É importante lembrar que a frase “PÁTRIA OU MORTE” está presente nos poucos outdoors existentes em Cuba, um lema proposto por Fidel Castro diante dos ataques militares, sabotagens e intimidações por parte dos Estados Unidos no início da década de sessenta. O nacionalismo tem sido inseparável de muitas revoltas contra sistemas colonialistas, sejam eles capitalistas ou não. Assim, minha impressão é de que a revolução cubana contra o regime de Fulgêncio Batista (considerado um ditador que sustentava uma extensão do imperialismo norte-americano) tinha forte conteúdo nacionalista em seus primórdios.

Hoje, penso que qualquer nacionalismo (patriotismo) é uma das faces do etnocentrismo, da xenofobia, da discriminação e do racismo.
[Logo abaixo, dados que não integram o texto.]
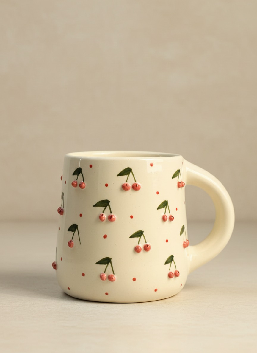 Enjoy your morning chai in this adorable cherry print mug. The design is sure to brighten up your day. This ceramic mug from Varaaya is perfect for hot or cold beverages.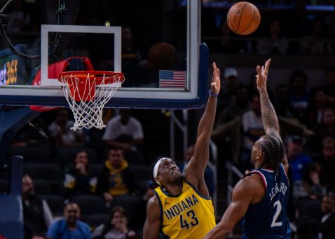 卢卡射中第38分后,微笑跟里夫斯打招呼;看特劳雷要点名勒布朗,自己主动换防,特劳雷混乱,卢卡断球,喂里夫斯反击三分:打停了网。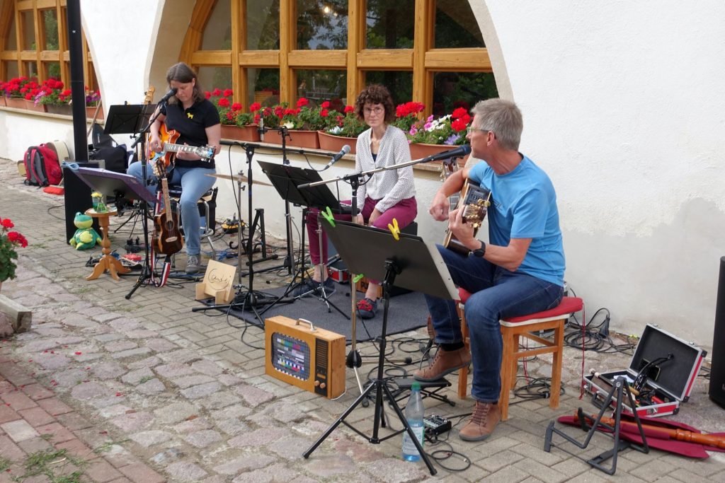 Kurz nach dem ersten Treffen von Gudrun und Michael gab es eine kleine Musik-Session von Anne und Micha. Anne trommelte zu Liedern von Micha und es entstand die Idee, gemeinsam mit Gudrun zu musizieren. Damit waren es schon drei.

É muito fácil para nossa natureza humana usar as mínimas diferenças do outro para construirmos barreiras intransponíveis entre nós e os outros, a “outrofobia” (como disse alguém), que considera a todos os que não pertencem a um determinado grupo como sub-humanos, inferiores, desprezíveis e desprovidos de direitos humanos. Como diz Caetano Veloso e Elza Soares, não quero pátria, quero mátria, quero fratria.
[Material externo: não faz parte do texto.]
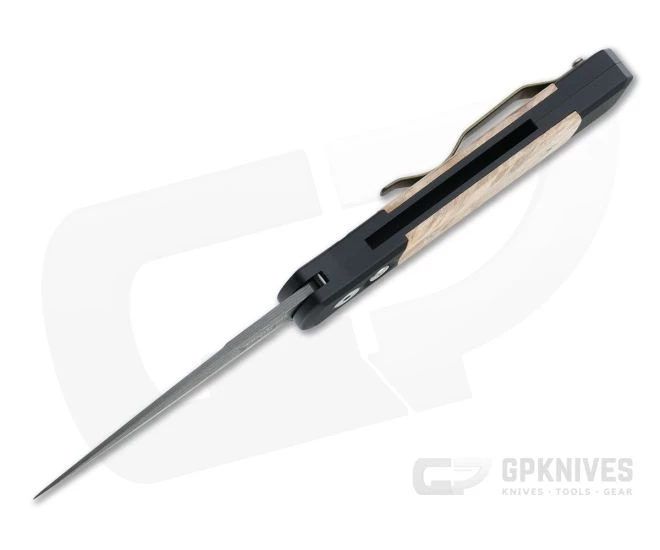 Handle: Contoured black hard anodized 6061-T6 aluminum delivers a comfortable and versatile coffin-shaped handle that draws smoothly from the pocket. Handsome maple burl wood inlays contrast the matte finish of the aluminum handle and pair with the mosaic pin inlay, satin hardware, anodized clip and Damascus blade to make this dress carry ready. The button lock is robust, reliable, and easy to operate.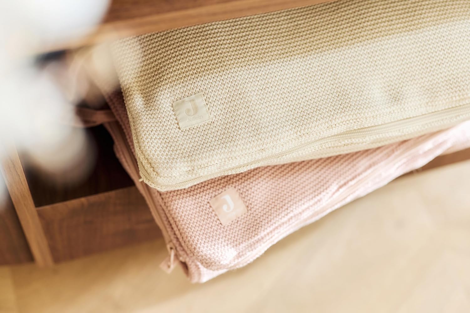 Soft and comfortable: the outside of the footmuff has an elegant knitted structure, while the inside is made of soft coral fleece for cosy warmth and a gentle feeling on baby’s skin

Mas compreendo que há uma longa história por trás da frase Pátria ou Morte em Cuba. Obrigados a se defender contra a máfia e os interesses capitalistas em Cuba, os revolucionários cubanos na década de sessenta aproximaram-se cada vez mais da União Soviética e puderam contar com seu apoio militar e econômico até que Guerra Fria terminou com a derrocada econômica da Rússia, que levou à queda do muro de Berlim e à modificação do regime estalinista. Cuba ficou a ver navios... (ver abaixo o desenho do excelente cartunista cubano Linares).




























Assim, espremidos entre a miséria econômica e a ameaça de guerra por parte dos Estados Unidos (que reatou lações diplomáticos e libertou os famosos cinco cubanos presos por espionagem, mas ainda não suspendeu o bloqueio econômico), o lema “Pátria ou Morte” ainda faz sentido para os cubanos, que são obrigados a se manter num estado de alerta semelhante aos tempos da Guerra Fria.
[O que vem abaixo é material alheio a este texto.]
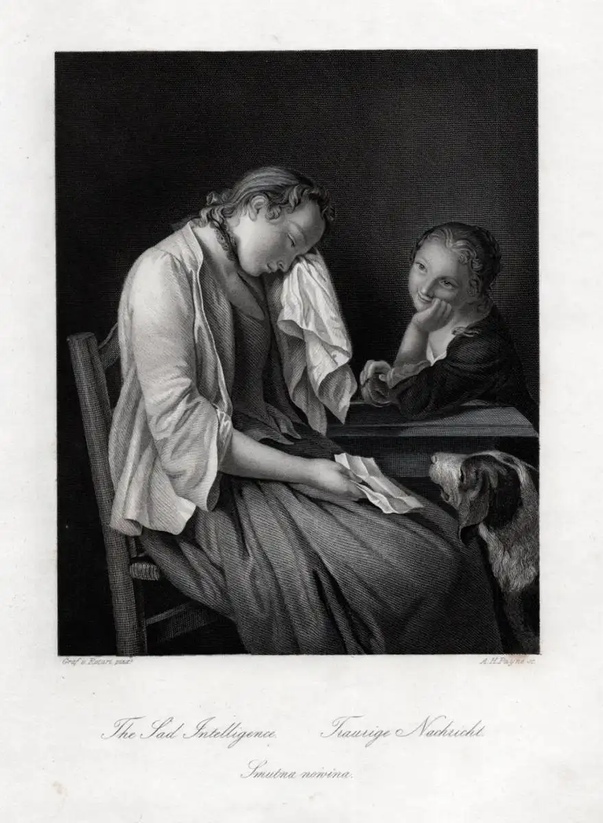 Traurige Nachricht. Originaler Stahlstich; von Payne um 1850

De qualquer forma, quis deixar minha esperança gravada nos muros de uma rua de Cuba naquele painel coletivo: quem sabe um dia poderemos viver sem pátrias e sem fronteiras?

Participar do mural em Santa Clara lembrou-me do final dos anos 70, quando eu e Thalma íamos pintar murais nos bairros populares ao redor da Cidade Industrial, como parte da luta contra a ditadura militar, pela anistia aos presos políticos e punição aos torturadores e a favor da criação de um partido que defendesse a causa dos trabalhadores.

Naquela época imaginávamos uma sociedade mais justa, universal, sem fronteiras de qualquer tipo, baseada na igualdade de direitos entre homens e mulheres a qual, enfim, traria a paz. A estrela vermelha solitária que coloquei no olho da pomba da paz continua sendo para mim o símbolo deste sonho.

E como diz a música de Milton Nascimento, os sonhos não envelhecem.